A stock with a high dividend yield is a good bargain for an income investor to buy.
Maybe. A dividend yield can be high for many reasons, either good or bad. On the bad side, the stock price might be dropping deeply due to financial troubles; that could proportionately raise the dividend yield. Caution is always key.
2.
A price/earnings ratio that uses future earnings estimates to calculate the ratio is normally called _______.
A forward price/earnings ratio. As opposed to a trailing price/earnings ratio, which looks at past earnings, the forward one uses estimates of future earnings.
3.
One advantage of earnings yields over price/earnings ratios is that we can use them to compare investments in other classes.
True. This way, we can compare the returns that the different types of investments offer.
4.
In a price/book ratio, what exactly is the "price" part of it?
The stock's market price. The price is the market price, while the "book" part is the book value of a share.
5.
A company has an enterprise value of $225 million, free cash flow of $15 million, and zero net interest expense. What is its cash return?

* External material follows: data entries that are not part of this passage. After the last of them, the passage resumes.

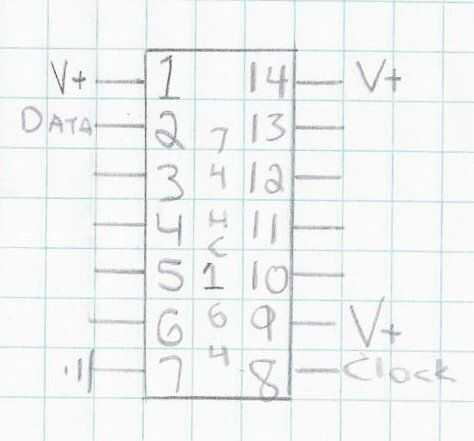 Los pines 1 y 2 son las entradas de la serie, son configurados como lógica y puerta, lo que significa que ambos tienen que ser lógica alta (es decir 5 voltios) en orden para la broca a ser visto como un 1, un estado bajo (0 voltios) ya sea leerá como un cero. Realmente no necesita esto y fácil de tratar en software, así que elegir una y atarla a V +, por lo que lee siempre alto. Decido utilizar un puente del pin 1 al pin 14 (V +), puesto que usted puede simplemente pop un jumper de la placa sobre el chip. El uno restante entrada serial (perno 2 en mi esquema) será goto pin digital 2 de arduino.
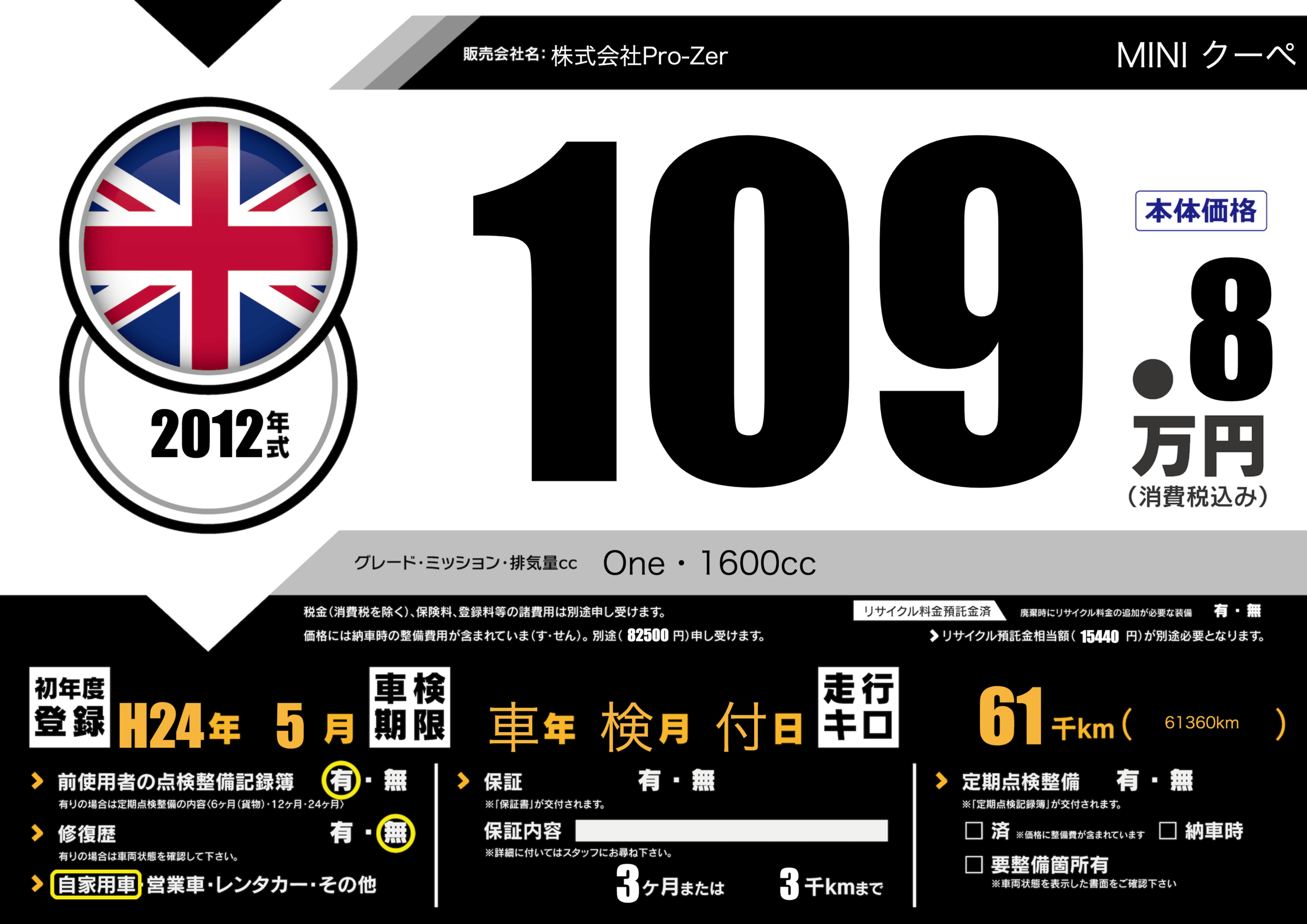 | 車名 | MINI クーぺ | グレード ミッション 排気量 |
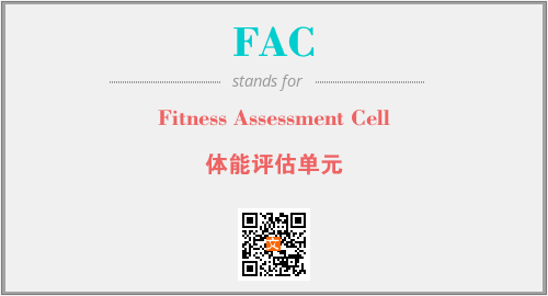 上述内容是“Fitness Assessment Cell”作为“FAC”的缩写,解释为“体能评估单元”时的信息,以及英文缩略词FAC所代表的英文单词,其对应的中文拼音、详细解释以及在英文中的流行度和相关分类、应用领域及应用示例等。
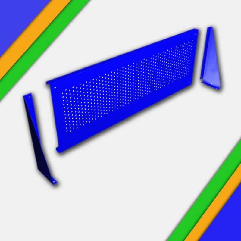 Перфорированный экран не входит в стандартную комплектацию верстаков и приобретается отдельно. В комплектацию перфорированного экрана входят также два кронштейна для крепления экрана к рабочей поверхности верстака металлического и крепеж. Толщина металла экрана - 1,2 мм. Диаметр отверстия - 7,0 мм Все модели могут дополнительно комплектоваться металлическими крючками 8 см и 5 см длиной, удлиненными полками, укороченными полками,держателем для ключей и держателем для инструментов.
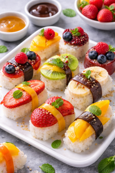 You are welcome to experiment with different fruits and toppings to create unique fruit and sushi combinations. Bon appétit!
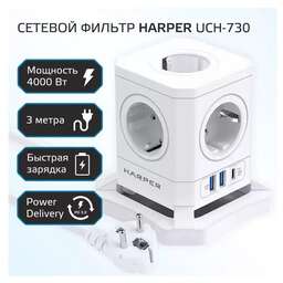 Сетевой фильтр HARPER UCH-340 - 1.5 м./мощность нагрузки 4000 Вт/ ток нагрузки 16 А/ Количество розеток 3/ Количество USB портов 3/ Поддержка быстрой зарядки (Power Delivery 3.0)/ Максимальная сила тока на 1 USB порт 3 А/ Суммарная сила тока для всех портов USB 4.8 А/ Выключатель с защитой от перегрузок/ Защитные шторки/ Индикатор работы Индикатор заземления/ Индикатор защиты от перепада напряжения/ Заземление/ Отверстия для крепления на стену
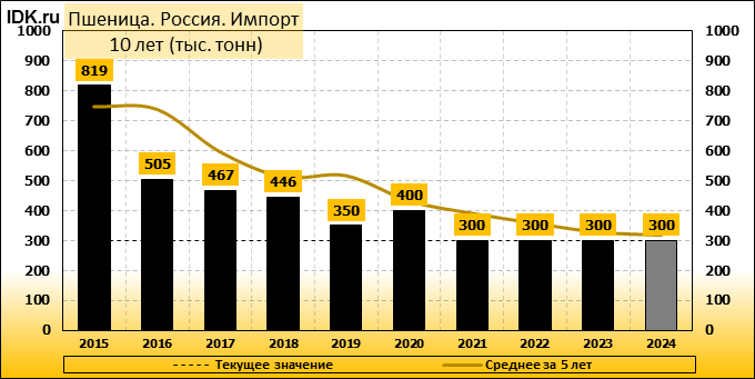 Импорт: составит 300 тысяч тонн. Значение по прошествии месяца не изменилось.
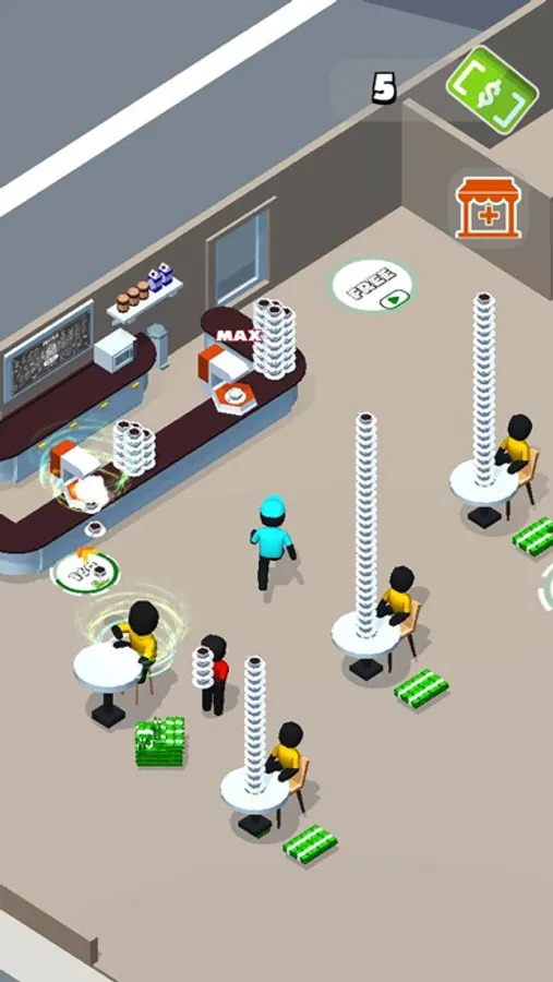 Expand your cafe with the money you earn. Get more restaurant booths, hire waiters and Speed up the serving.

6.7%. Cash return is equal to free cash flow divided by enterprise value. In this case, that's $15 million/$225 million, or 6.7%.
6.
In a nutshell, the price/earnings growth ratio of a company provides a quick and easy way to estimate the price you're paying for _______.
Its future growth. This is because the ratio uses future estimates. Many investors want to know what a company's prospects will be.
7.
A firm's price/sales ratio is found by dividing its stock price by its _______.
Sales per share. Since we are using stock price, we must also use sales per share.